The article paints a bleak picture of humanity – one in which the author no longer felt comfortable looking future employees in the eye. Many bloggers and reporters are left wondering and contemplating the truth of Smith’s article. Regardless of its accuracy, investors are left with depleted trust in an already shaken financial services industry.
If the article was right, can the financial services industry be fixed?
While I can’t answer the question about what was actually happening, I do have a perspective on what to do. Not all financial firms work in the way described in the article.
Here’s a quick video that explains the difference:
There is a small, but growing minority of registered investment advisors, who are waving the “fee-only” fiduciary banner and are advocating on behalf of their clients for a fiduciary standard. If investors and clients were to join forces with the small group of advisors who were willing to stand up for them, that voice would hold more weight. Maybe just enough to enact a change…

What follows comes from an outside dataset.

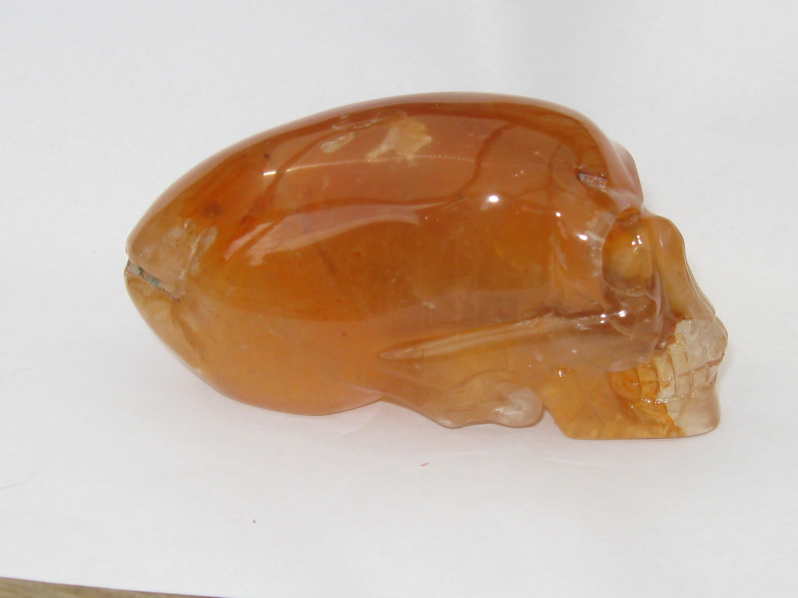 Hier ist ein travelerskull, ganz von orangenen golden healer, sie hat 2 große , ich denke, rutil nadel , im kopf gehabt, die aber wieder gans aufgelöst sind und jetzt nur tunnel nachgelassen haben. Sie ist stolze 10 cm lang, und liegt so toll in meine hand wenn ich schlafen gehen.

Investors, themselves, can help drive that change by voting with their dollars and their investments. Seek out a fee only registered investment advisor – a person or firm that is held to a fiduciary standard. Find a company that is mandated to put your interests first. Find a firm that doesn’t think of it’s clients as “muppets.”
As to where this leaves Mr. Smith. This is just my opinion, but I don’t think you write articles like that to condemn a company or resolve a personal agenda. I think you do it as a sort of confession or a way to ask for forgiveness.
You meet your farmer, if you will. You confess. And you hope that the world forgives you.